Jimmy Barnes is back.
The legendary Australian rocker will make another comeback for the ages when he performs at Byron Bay Bluesfest on March 31, a warm-up for a full-scale tour of Australia.
This is no ordinary return to the stage. The 67-year-old singer is back from a life-threatening condition. Less than two months ago, Barnes was in ICU, after undergoing open-heart surgery, following an illness that refused to budge.
Last November, after opening the Mushroom 50 Live concert at Melbourne’s Rod Laver Arena, where he powered his way through “No Second Prize” and his signature song, “Working Class Man,” Barnes contracted bacterial pneumonia.
He was admitted to hospital on Nov. 27, 2023 and became “very unwell” while in hospital with the development of staphylococcal bacteraemia a few days after admission, explains a statement from reps.
Medics discovered he had an abscess at an old operation site due to the infection which required surgical intervention. The staph infection undermined Barnes’ health, causing endocarditis, a life-threatening condition that without urgent treatment may well have been fatal, reps say. Surgeons immediately checked-in Barnes for cardiac surgery on Dec. 13 to replace the aortic valve.

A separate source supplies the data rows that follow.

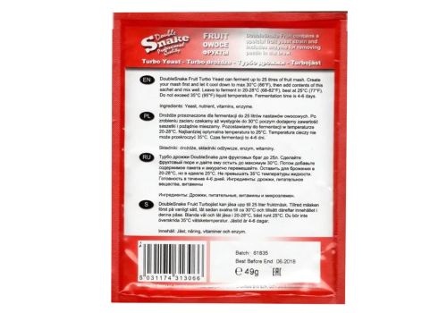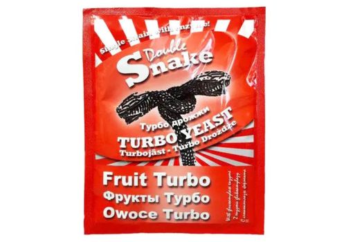 Турбо-дрожжи Double Snake Fruit для дистиллята способные дать до 17% крепости фруктового сусла, с минимальным количеством сивушных масел. Дрожжи рассчитаны на 25 литров затора в соотношении от 6-7кг сахара или декстрозы. Время сбраживания составляет примерно от 2 до 5 дней крепостью 14% - 17%. Если добавить 7 кг сахара или декстрозы на 25 литров воды, то сусло бродит примерно до 5 дней, но крепость составит примерно 17%.
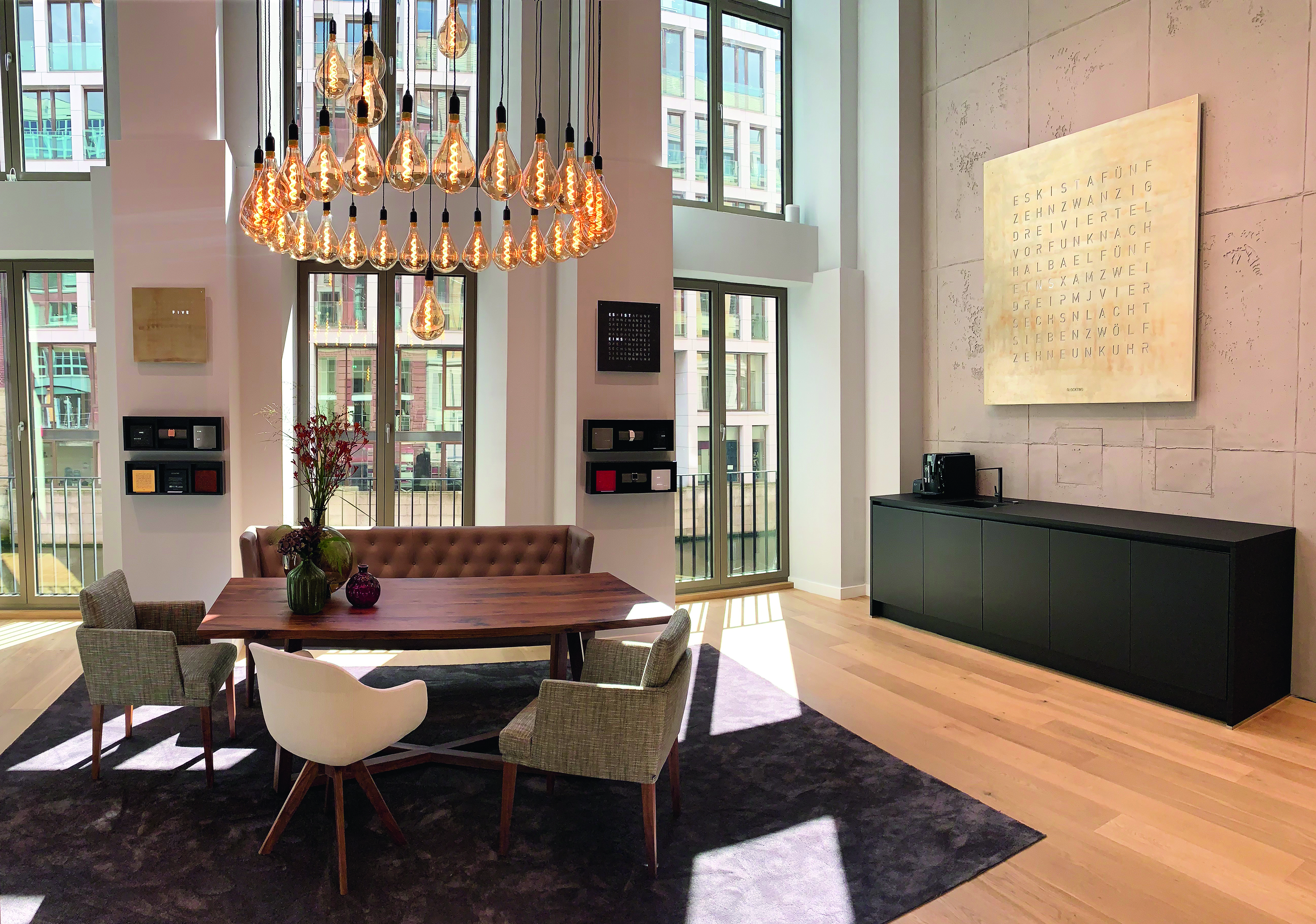 Der helle, großzügige Innenraum gibt der Marke eine beeindruckende Bühne für das gesamte Produktspektrum. Auch eine Qlocktwo 180 mit beinahe vier Quadratmetern Wandfläche, ausgezeichnet mit dem Red Dot Design Award 2019, wird hier spektakulär inszeniert.
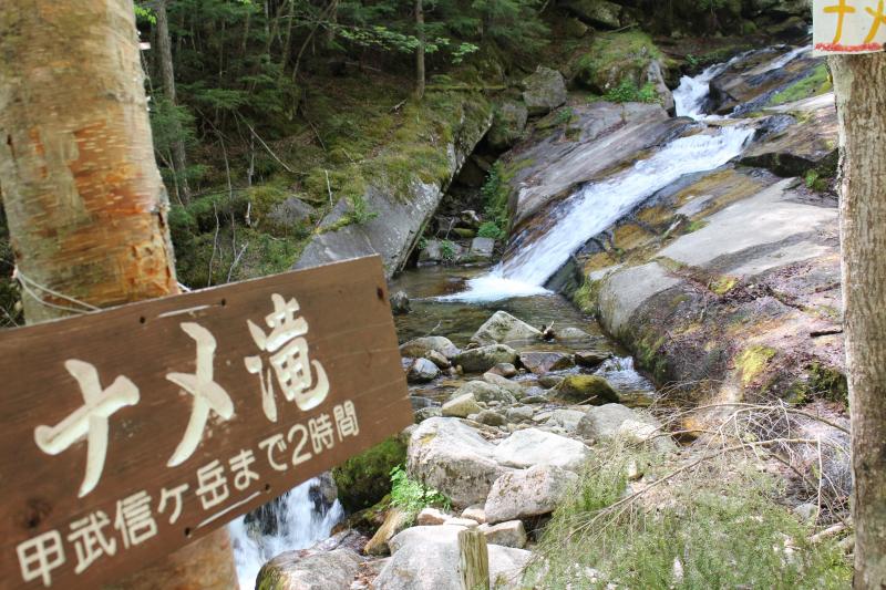- 毛木平駐車場<100分>ナメ滝<135分>甲武信ヶ岳山頂<200分>十文字小屋<90分>毛木平駐車場
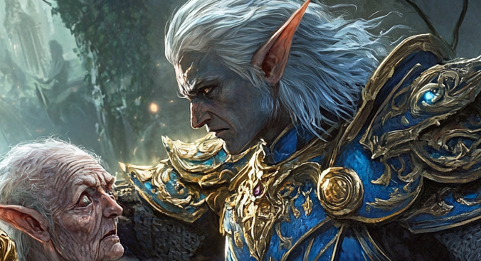 "Ét skridt nærmere, og det bliver din vens død!" råbte Eldar med skælvende autoritet, mens dolkens klinge blinkede mod det eneste gode øje, hans gidsel havde tilbage. Ordene gav genlyd i den stille have, men Guldhammeren standsede ikke. Hans blik var hårdt som stål, og hans skridt fortsatte uanfægtet, som var Eldars trussel blot en mild brise mod hans beslutsomhed.

The valve itself was replaced some years ago due to a “congenital defect,” he has said.
A year earlier, Barnes revealed he would go under the surgeon’s knife to correct “constant and severe pain” in his back and hip, the result of “jumping off PAs and stomping around stages” for more than 50 years. He also underwent back surgery in 2014, which kept him in hospital on Fathers Days (Sept. 7).
Those health problems, it would seem, are in the past.
“Every day I’m getting stronger. Every day I’m pushing myself a little bit further,” Barnes explains. “I’m excited about getting back on stage, in front of the band and playing for you all. And what better way is there to kick it off than the legendary Bluesfest Byron Bay with a really special celebration of Flesh and Wood. I really want to thank everyone for their support and good wishes while I was ill. The family were passing on your messages of care and it really lifted my spirits.”
Barnes will mark his return to the stage at Bluesfest over the Easter Long Weekend, celebrating the 30th anniversary of his Flesh and Wood LP. Then, two-time ARIA Hall of Fame-inducted artist and his band will headline a run of rescheduled Red Hot Summer Tour dates in April.
Later, Barnes will lead a stretch of stripped back, intimate theater shows on the Hell of a Time tour, running through June, July and coming to a halt Aug. 18 at the Sydney Opera House.
Barnesy, as he’s affectionately known in these parts, is a living legend, with 15 leaders on the ARIA Chart — an all-time record. Counting his five leaders with Cold Chisel, Barnes boasts an unprecedented 20 No. 1s, comfortably eclipsing the Beatles (with 14), Madonna (12), Eminem and U2 (11).
The Scotland-born singer was inducted into the ARIA Hall of Fame with Cold Chisel in 1993, and again as a solo artist in 2005, and is the first Australian solo act to have a No. 1 album in every decade since the 1980s.
In the lead-up to Christmas 2023, Mushroom Labels issued an expanded version of Blue Christmas, his 20th studio album and most recent No. 1.